Greater lunacy: Georgia legislator denies writing or sending creationism support letter

February 15, 2007

First they deny science, then all of reality, then they deny that they denied. Or something like that.

Georgia State Rep. Ben Bridges denies having written or sent the memorandum that was circulated in his name to Texas state legislators earlier this week. The Atlanta Constitution provides the incredible details in this morning’s edition:

“I did not put it out nor did I know it was going out,” Bridges said. “I’m not defending it or taking up for it.”

The memo directs supporters to call Marshall Hall, president of the Fair Education Foundation Inc., a Cornelia, Ga.-based organization that seeks to show evolution is a myth. Hall said he showed Bridges the text of the memo and got his permission to distribute it.

“I gave him a copy of it months ago,” said Hall, a retired high school teacher. “I had already written this up as an idea to present to him so he could see what it was and what we were thinking.”

Hall said his wife Bonnie has served as Bridges’ campaign manager since 1996.

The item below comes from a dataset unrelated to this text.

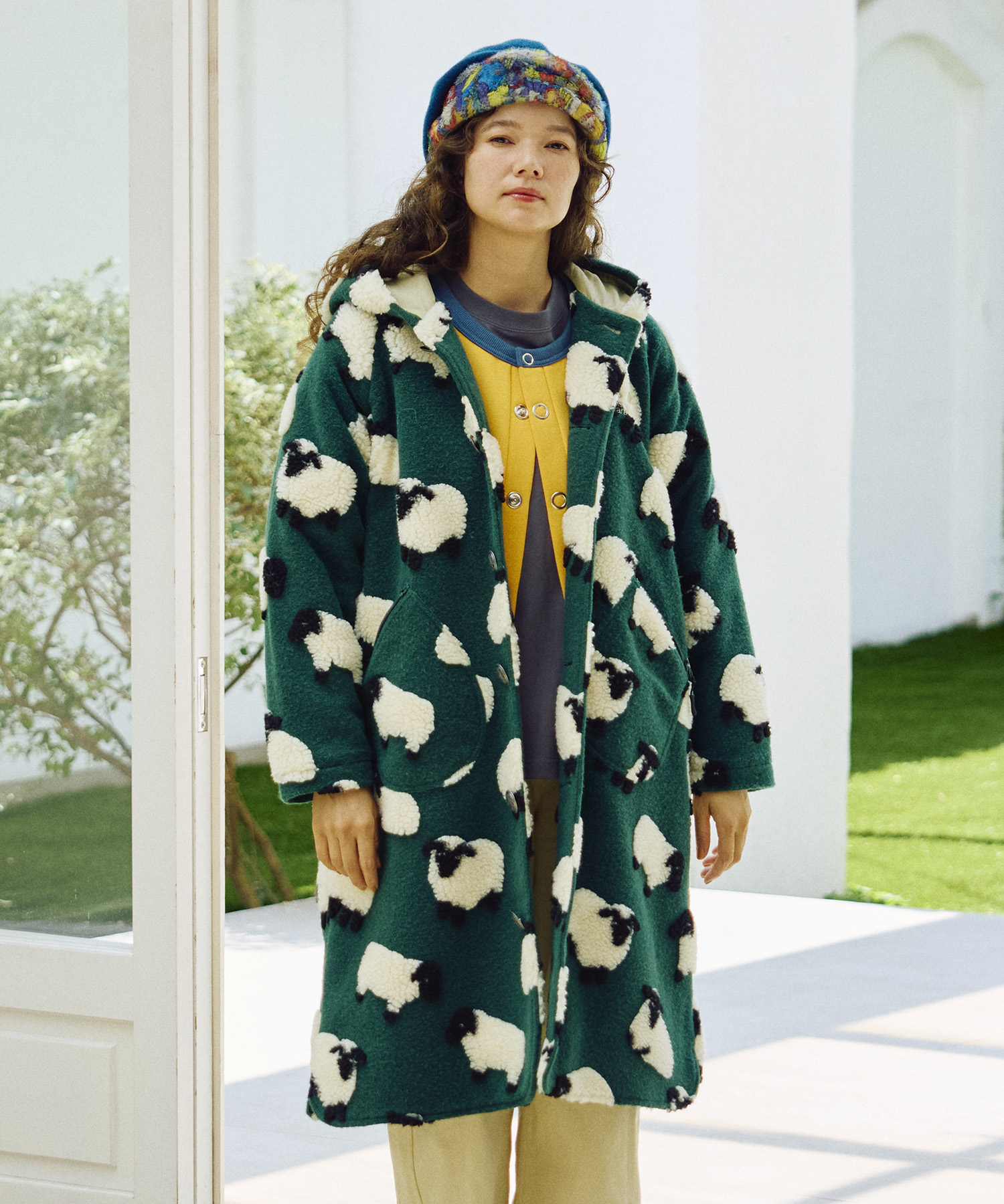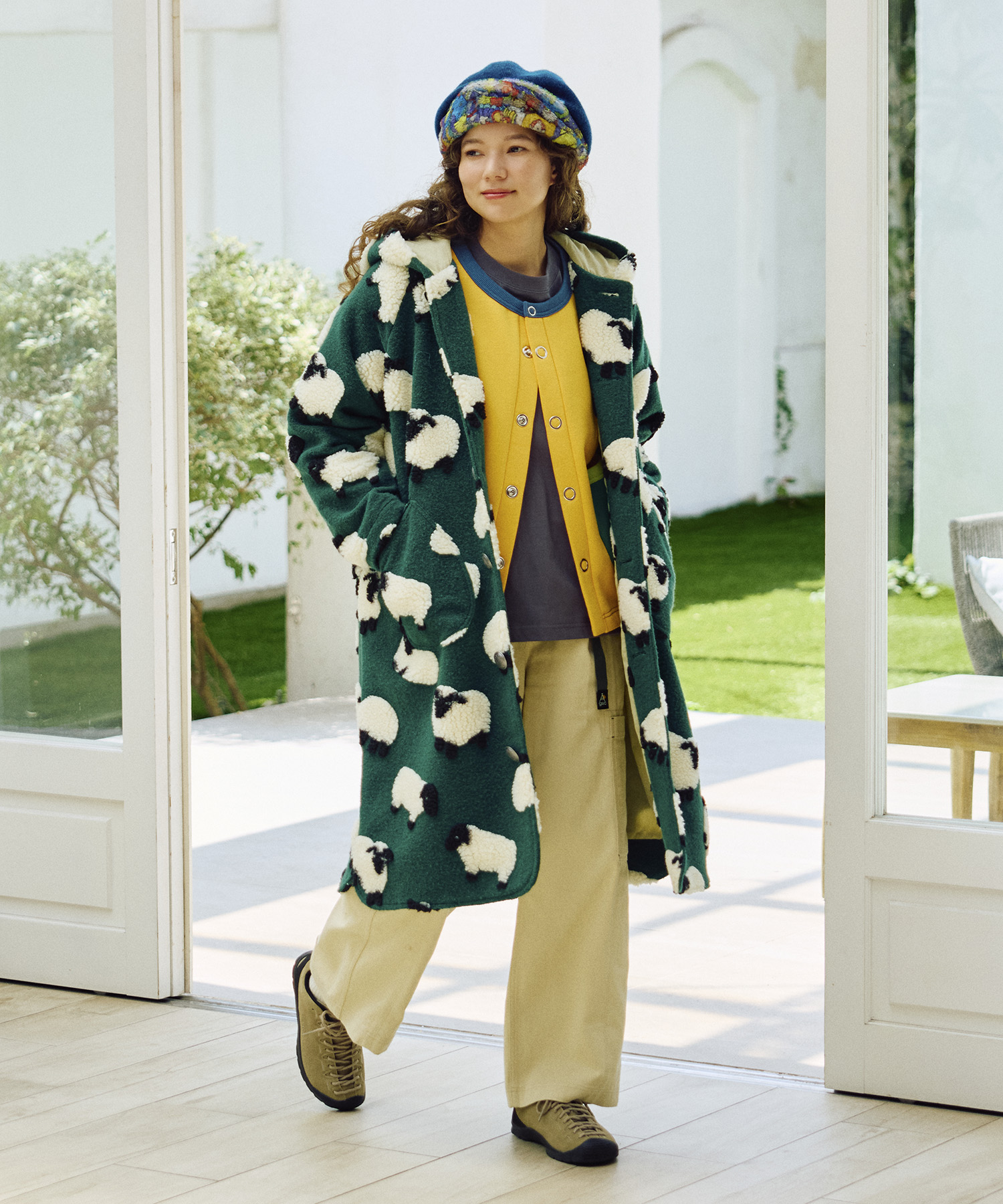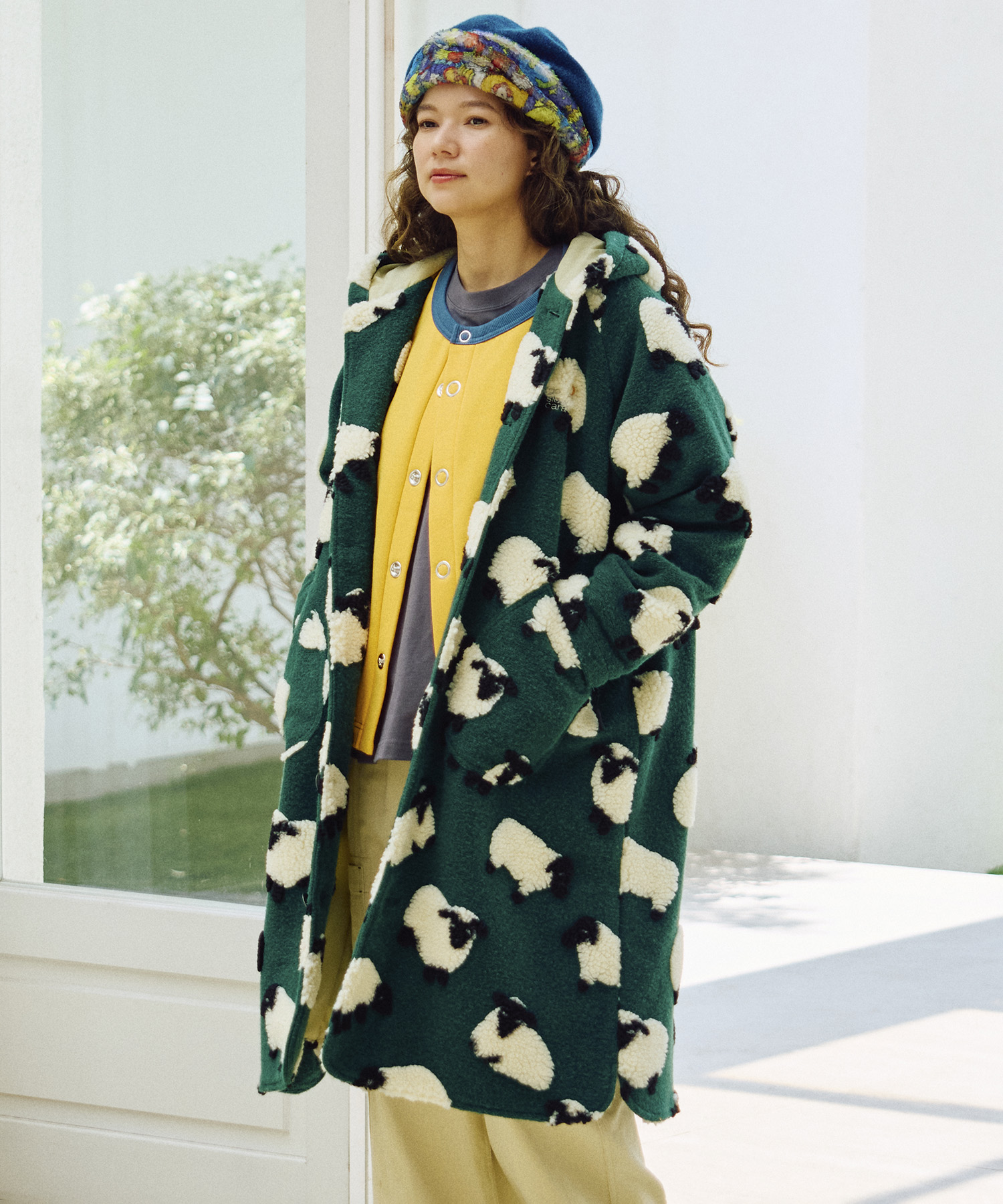 ゴースローキャラバンオリジナルのジャガードボアに、人気の【パンダ】&【ひつじ】柄が登場!やわらかな風合いと愛らしい柄が魅力のシリーズ☆裾に向かってゆるやかに広がるAラインシルエットが女性らしい印象のコンチョコート!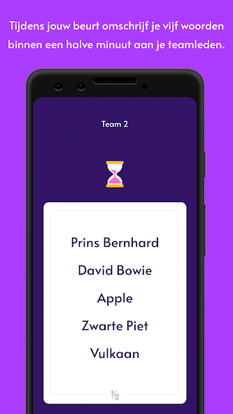 Half a Minute adalah permainan yang menyenangkan yang dapat Anda mainkan dengan jumlah pemain yang tak terbatas (setidaknya 4). Setiap anggota dari setiap tim menggambarkan 5 (kata) dengan Half a Minute . Tim yang memiliki pengetahuan dan taktik terbaik memenangkan permainan. Dijamin untuk malam yang menyenangkan dan lucu!

Bridges acknowledged that he talked to Hall about filing legislation this year that would end the teaching of evolution in Georgia’s public schools. Bridges said the views in the memo belong to Hall, though Bridges said he doesn’t necessarily disagree with them.

It’s getting so creationists no only can’t do science straight, can’t do religion straight — they can’t even tell whoppers straight. Read the rest of this entry »


Texas legislator apologizes for creationism letter, but . . .

February 15, 2007

Texas State Rep. Warren Chisum said he’s sorry if anyone took offense over his circulating a letter from a Georgia legislator, Ben Bridges, railing at science, and promoting creationism.  He’s right to apologize, but the apology stops short of where it needs to go.

This morning’s Dallas Morning News followed up on yesterday’s report of the letter (see preceding post).  The letter referred to a bizarre website that argues that the Earth is fixed in space, and other crazy things, including offensive material about Jewish kabals.  The Anti-Defamation League complained.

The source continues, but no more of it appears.